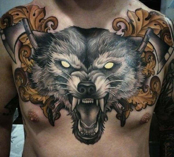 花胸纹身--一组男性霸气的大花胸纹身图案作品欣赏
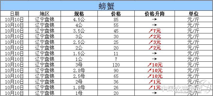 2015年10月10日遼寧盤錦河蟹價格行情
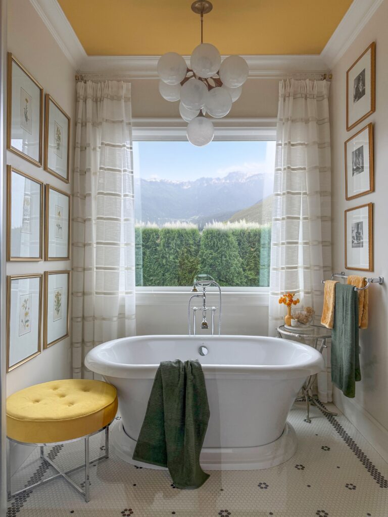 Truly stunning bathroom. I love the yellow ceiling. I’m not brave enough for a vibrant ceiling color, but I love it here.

-- -- --

WORK INSTRUCTION:
Give the data again word for word, without pictures.

RESPONSE TO THE EXERCISE:
 花胸纹身--一组男性霸气的大花胸纹身图案作品欣赏
 2015年10月10日遼寧盤錦河蟹價格行情
 Truly stunning bathroom. I love the yellow ceiling. I’m not brave enough for a vibrant ceiling color, but I love it here.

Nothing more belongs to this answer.